Re: [PATCH] mm: ratelimit end_swap_bio_write() error

From: Michal Hocko
Date: Sat Jan 06 2018 - 08:34:25 EST


On Sat 06-01-18 19:03:13, Sergey Senozhatsky wrote:
> Hello,
>
> On (01/06/18 10:41), Michal Hocko wrote:
> > On Sat 06-01-18 13:34:07, Sergey Senozhatsky wrote:
> > > Use the ratelimited printk() version for swap-device write error
> > > reporting. We can use ZRAM as a swap-device, and the tricky part
> > > here is that zsmalloc() stores compressed objects in memory, thus
> > > it has to allocates pages during swap-out. If the system is short
> > > on memory, then we begin to flood printk() log buffer with the
> > > same "Write-error on swap-device XXX" error messages and sometimes
> > > simply lockup the system.
> >
> > Should we print an error in such a situation at all? Write-error
> > certainly sounds scare and it suggests something went really wrong.
> > My understading is that zram failed swap-out is not critical and
> > therefore the error message is not really useful.
>
> I don't mind to get rid of it. up to you :)

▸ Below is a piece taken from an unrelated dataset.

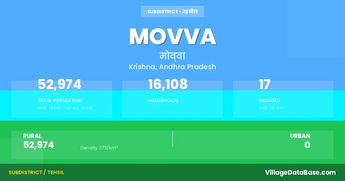 According to the 2011 census The total area of Movva Mandal is 142 km², with a population of 52974 people. The population density is 373 inhabitants per square kilometre, and there are approximately 16108 houses in the sub district.

I do not think we can get rid of it for all swap backends.

> > Or what should an admin do when seeing it?
>
> zsmalloc allocation is just one possibility; an error in
> compressing algorithm is another one, yet is rather unlikely.
> most likely it's OOM which can cause problems. but in any case
> it's sort of unclear what should be done. an error can be a
> temporary one or a fatal one, just like in __swap_writepage()
> case. so may be both write error printk()-s can be dropped.

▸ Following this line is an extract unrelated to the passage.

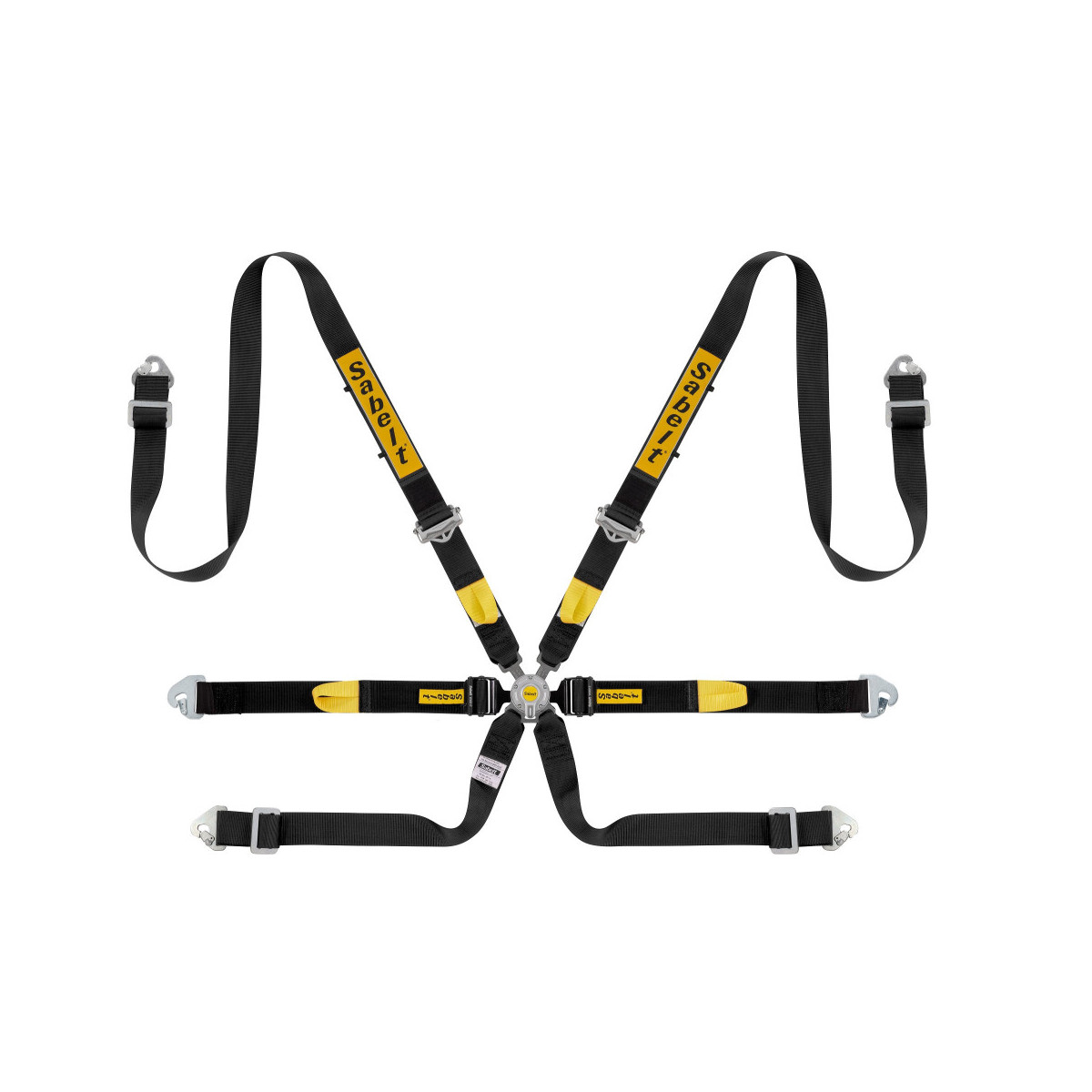 - Bretelle tutta 2’’- regolatore alluminio alleggerito - Fissaggio bretella moschettone – tribar - Addominale tutto 2’’- attacco carabina - Ventrale tutto 2’’- attacco a carabina, sgancio rapido con lingua integrata per vetture GT/Endurance, acciaio-alluminio - Fibbia con predisposizione integrata per cosciale di tipo “T” in alluminio - Cosciali 2’’ attacco moschettone - tribar - Maniglie gialle - Velcro sulle bretelle

Then I would suggest starting with sorting out which of those errors are
critical and which are not and report the error accordingly. I am sorry
to be fuzzy here but I am not familiar with the code to be more
specific. Anyway ratelimiting sounds more like a paper over than a real
solution. Also it sounds quite scary that you can see so many failures
to actually lock up the system just by printing a message...
--
Michal Hocko
SUSE Labs